• Problem requirements:
Please repeat exactly the lines from the one containing "When posting Reels" through the last line of the records below, both included, and leave out any pictures.

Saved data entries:
◇ ◇ ◇ ◇ ◇ ◇ ◇
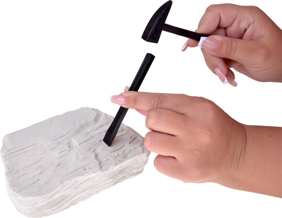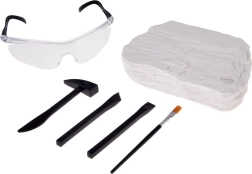 Komplekti kuuluvad vastupidav kipsplokk ja kaitseprillid, mis kaitsevad silmi fossiili paljastamisel. Ideaalne turvaliseks koduseks arheoloogiaks.
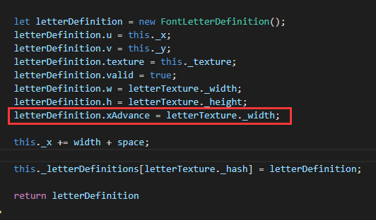 xadvance不应该是texture的宽度,应该是字符的宽度,否则描边之后字符间距就变大了
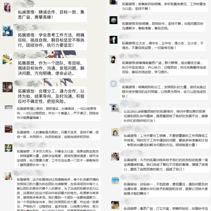 各項(xiàng)挑戰(zhàn)過后,大家都積極進(jìn)行分享總結(jié),討論個人與小組的成敗原因,通過游戲反思工作與生活;付出有多少,收獲便會有多少,在日后的工作中,以結(jié)果為導(dǎo)向,為了目標(biāo)找方法,不找借口,發(fā)揮團(tuán)隊(duì)的力量,凝心聚力,決戰(zhàn)未來!
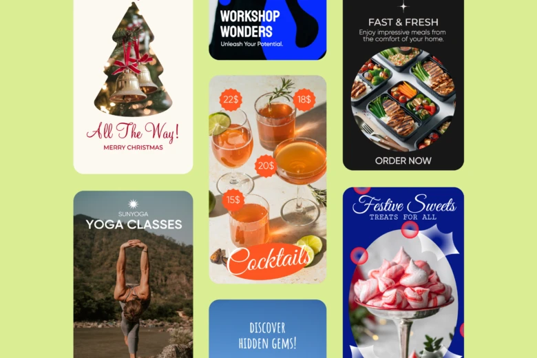 When posting Reels to Facebook, don’t start from scratch! Use one of the thousands of Facebook templates from Picsart. They’re professionally created and feature eye-catching headlines, stellar graphics, and compelling calls to action. You can easily edit them to match your style and aesthetic as well, drawing from our huge library of fonts, stickers, and shapes to match your vision.
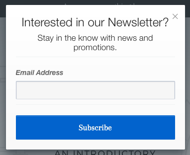 Zodra de code in je template is geplakt, bezoek je de URL van je zaak om te controleren of alles er goed uitziet. Zo ziet onze basispop-up eruit:
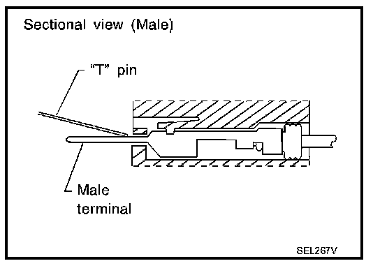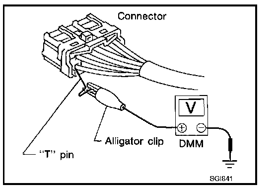 The probe of a digital multimeter (DMM) may not correctly fit the connector cavity. To correctly probe the connector follow the procedures using a "T" pin. For the best contact grasp the "T" pin using an alligator clip.
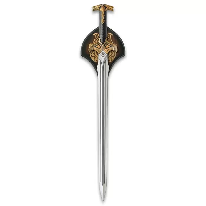 Bard The Bowman’s Sword Replica – The Hobbit, Stainless Steel Blade, Embossed Leather Grip, Wooden Display Plaque – Length 38 3/8″
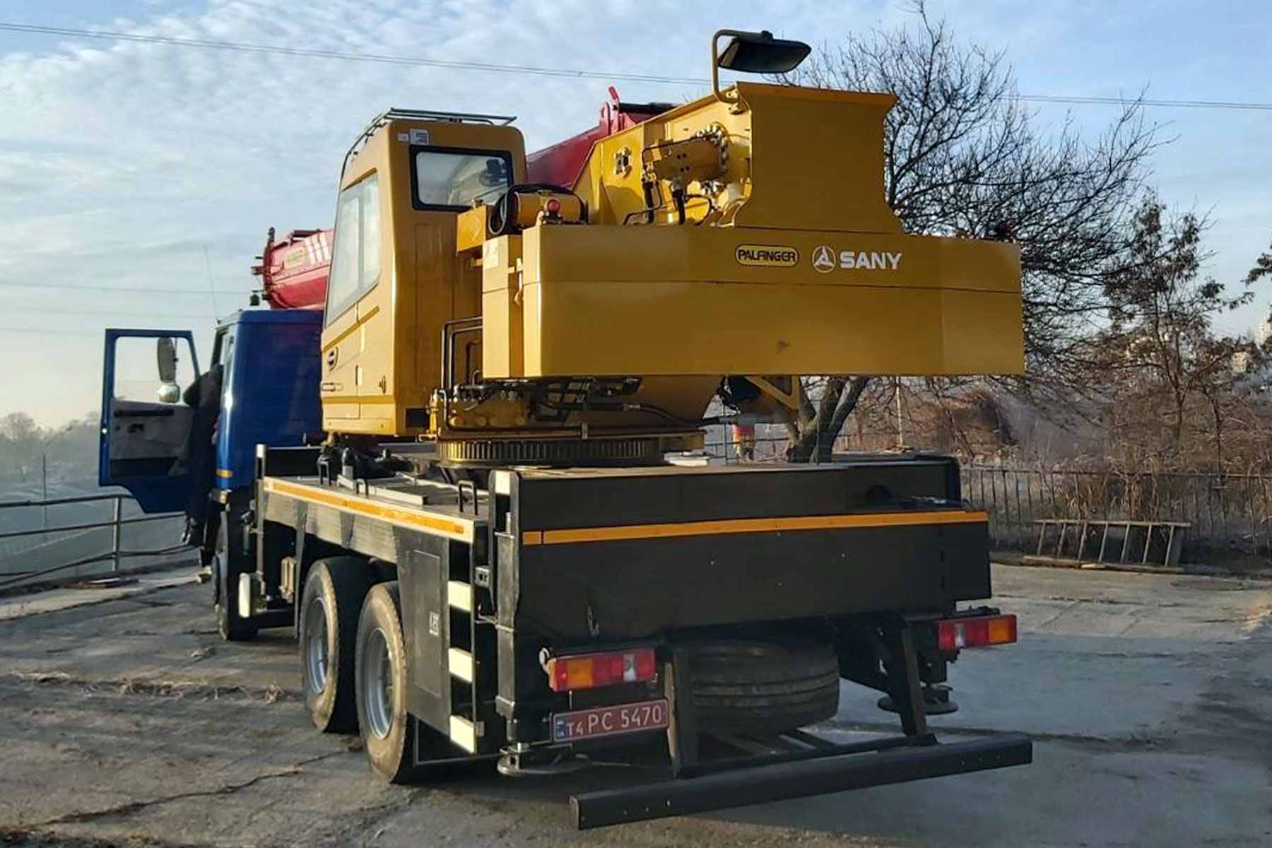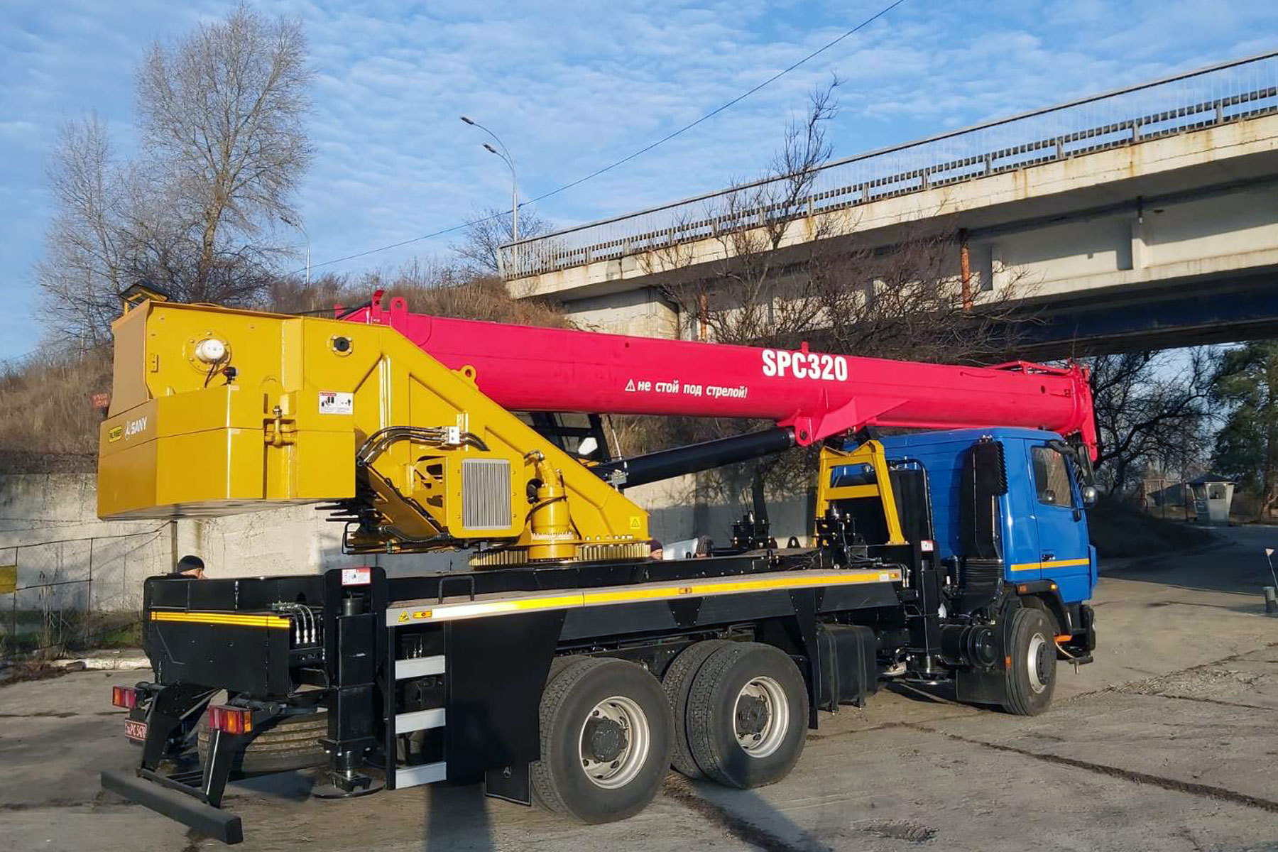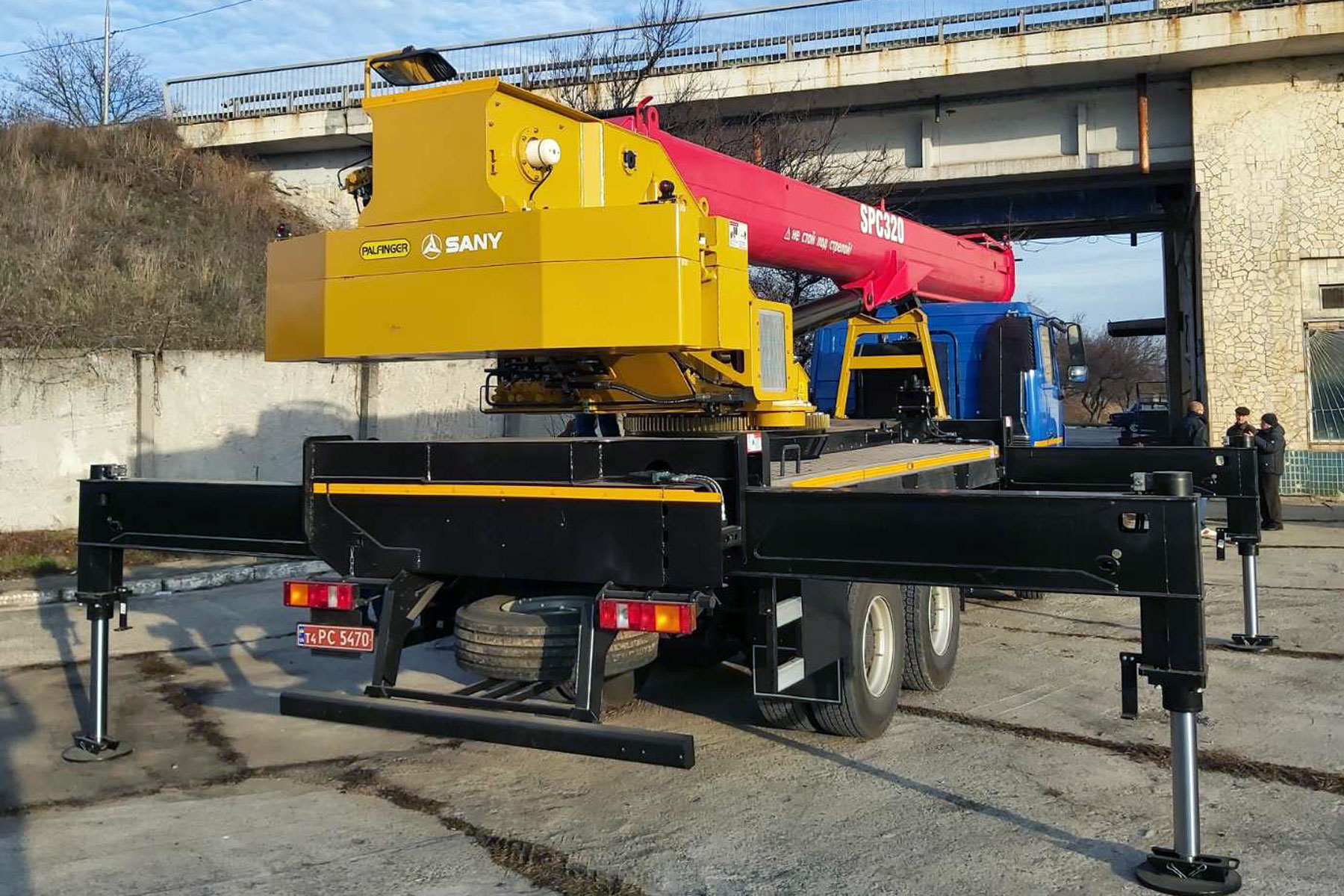 32-тонный автокран Palfinger Sany на базе белорусского шасси МАЗ отгружен в Украине для морской и речной отраслей.
◇ ◇ ◇ ◇ ◇ ◇ ◇
• Solution to this task:
 When posting Reels to Facebook, don’t start from scratch! Use one of the thousands of Facebook templates from Picsart. They’re professionally created and feature eye-catching headlines, stellar graphics, and compelling calls to action. You can easily edit them to match your style and aesthetic as well, drawing from our huge library of fonts, stickers, and shapes to match your vision.
 Zodra de code in je template is geplakt, bezoek je de URL van je zaak om te controleren of alles er goed uitziet. Zo ziet onze basispop-up eruit:
 The probe of a digital multimeter (DMM) may not correctly fit the connector cavity. To correctly probe the connector follow the procedures using a "T" pin. For the best contact grasp the "T" pin using an alligator clip.
 Bard The Bowman’s Sword Replica – The Hobbit, Stainless Steel Blade, Embossed Leather Grip, Wooden Display Plaque – Length 38 3/8″
 32-тонный автокран Palfinger Sany на базе белорусского шасси МАЗ отгружен в Украине для морской и речной отраслей.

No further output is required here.